The mother-daughter/savior-junkie plot allows Scott to evoke place graphically: there's plenty about King's Cross's underbelly but also its vitality, and this is one of the book's stronger aspects. This setting also gives Scott a range of semi-exotic character types to work with: trannies, junkies, pimps, pushers, the kind-hearted café proprietor, the waitress-observer of the Cross's rich pageant, and the respectable establishment types who feed on this sub-economy. As was the case with Faith, however, the description of characters is marred by cliché. For instance, the recurrence of descriptions of street kids being 'as beautiful as angels', 'angelic', 'angel-like', and a penchant for the word 'primal'. And of course her adopted daughter Angel is beautiful, imaginative, dreamy, and needs a mother.

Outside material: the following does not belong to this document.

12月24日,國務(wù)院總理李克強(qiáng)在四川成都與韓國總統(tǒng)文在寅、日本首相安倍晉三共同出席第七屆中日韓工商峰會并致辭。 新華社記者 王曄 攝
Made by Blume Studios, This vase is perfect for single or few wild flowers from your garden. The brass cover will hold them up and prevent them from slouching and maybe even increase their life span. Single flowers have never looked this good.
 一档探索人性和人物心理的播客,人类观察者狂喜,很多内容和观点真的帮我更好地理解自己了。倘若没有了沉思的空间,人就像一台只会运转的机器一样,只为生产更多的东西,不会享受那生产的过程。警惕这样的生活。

But will she succeed in giving up smack, or will she go the way of Faith's daughter? The problem is the predicable handling of the material and the intrusive narration by Faith. In this book, the moral universe is clear cut.

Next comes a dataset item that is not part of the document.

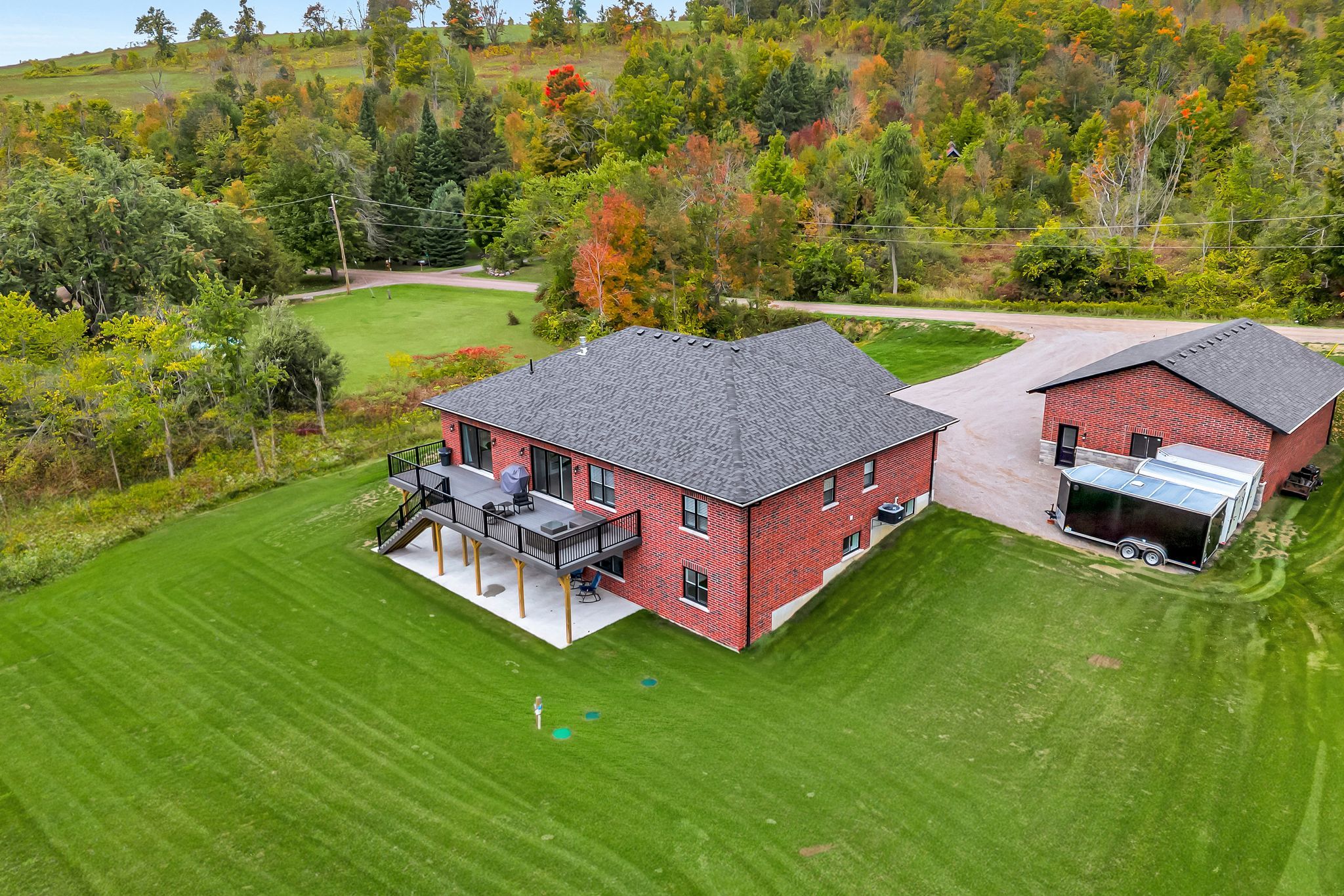 1. 56 acres | 3-car garage | 2024 build | in-law suite potential a 2024 build designed with attention to detail, featuring 9-foot ceilings on both the main floor and lower level. The living rooms grand fireplace, framed by custom floor-to-ceiling built-ins, sets the character of the home a feature that draws people in and creates an unforgettable atmosphere, leading outside to your extra-large 43' x 13' composite deck. In the kitchen, the 4' x 8' quartz waterfall island becomes the natural centre for gatherings and family life. With quartz extending beautifully to the floor on both sides and custom built-in storage underneath, this showpiece blends style and practicality. A double fridge-freezer, included appliances, and a layout designed with care reflect a commitment to both elegance and function. The primary suite feels like a spa retreat, complete with an oversized soaker tub, separate walk-in shower, double vanity, and walk-in closet. Three additional bedrooms, a second full bathroom, pantry and a spacious main-floor laundry with abundant storage complete the main level. The lower level is ready for your future vision, with a walk-out basement, in-law suite potential, rough-ins for another bathroom, and a poured concrete patio with reinforcement. Outdoors, the detached 30' x 40' three-car garage with 12-foot ceilings, a 45" rebar-reinforced pad, and its own 200-amp service complements the homes separate 200-amp service. A triple-wide driveway and nearly two acres of land expand the lifestyle this property offers. Additional features include an electronic humidifier on the furnace, all window coverings, tv above fireplace included. Five minutes to hastings for boating, fishing, and amenities, 15 minutes to campbellford hospital, and 35 minutes to the 401 a location that connects privacy with everyday convenience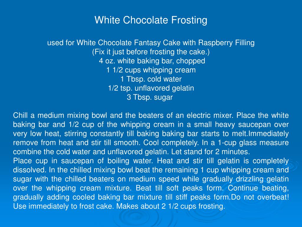 White Chocolate Frosting used for White Chocolate Fantasy Cake with Raspberry Filling (Fix it just before frosting the cake.) 4 oz. white baking bar, chopped 1 1/2 cups whipping cream 1 Tbsp. cold water 1/2 tsp. unflavored gelatin 3 Tbsp. sugar Chill a medium mixing bowl and the beaters of an electric mixer. Place the white baking bar and 1/2 cup of the whipping cream in a small heavy saucepan over very low heat, stirring constantly till baking baking bar starts to melt.Immediately remove from heat and stir till smooth. Cool completely. In a 1-cup glass measure combine the cold water and unflavored gelatin. Let stand for 2 minutes. Place cup in saucepan of boiling water. Heat and stir till gelatin is completely dissolved. In the chilled mixing bowl beat the remaining 1 cup whipping cream and sugar with the chilled beaters on medium speed while gradually drizzling gelatin over the whipping cream mixture. Beat till soft peaks form. Continue beating, gradually adding cooled baking bar mixture till stiff peaks form.Do not overbeat! Use immediately to frost cake. Makes about 2 1/2 cups frosting.

Scott uses the Cross to expose not only the tragedy of teenage homelessness, prostitution, and drug addiction but to locate it as part of a wider social decay and malaise, which could be termed the heartlessness at the core of capitalism. The solution offered by Scott is Faith's 'good works': that is, an ability to construct nurturing spaces and relationships, and a valorisation of an inherent human creativity. Faith as mother figure, an alternative to the nuclear family, and her own idiosyncratic career path/life is a stark counterpoint to the victims of the system that surround her. Hence the book's emphases on female friendship, art, and the domestic. This importance of alternative modes of family, nurturing, and so on, was central to Scott's vision for an emancipatory political future in Feral City and has much to commend it. And Scott is one of the few contemporary novelists who can be bothered getting angry and trying to write political novels. Although in both Feral City and Faith Singer, it is a politics with a too sweet, too soft heart: bordering on the sentimental and the feminine rather than the feminist. I suspect that this softness arises from Scott's mode of representing politics as a strange mix of nineteenth century naturalist prose, soft left ideology, and social workerly concern. The result is a politics that seems outdated and overly optimistic for the realities it confronts. Scott's anger at the injustices of the system is genuine; I'm just not sure that heroines like Faith and highly descriptive mimetic writing are the answer. And I still find it weird and disappointing that a book covering this kind of subject matter in such a setting can end up dull and predictable, for all Faith's passionate pronouncements about life, politics, and art. The language of punk was invented for just such a historical conjuncture.


Margaret Henderson is a lecturer in Contemporary Studies at the Ipswich Campus of The University of Queensland. Since completing her Ph.D on feminist literary and cultural theory she has published widely in that area and is currently working on a project on the history of Australian Feminism.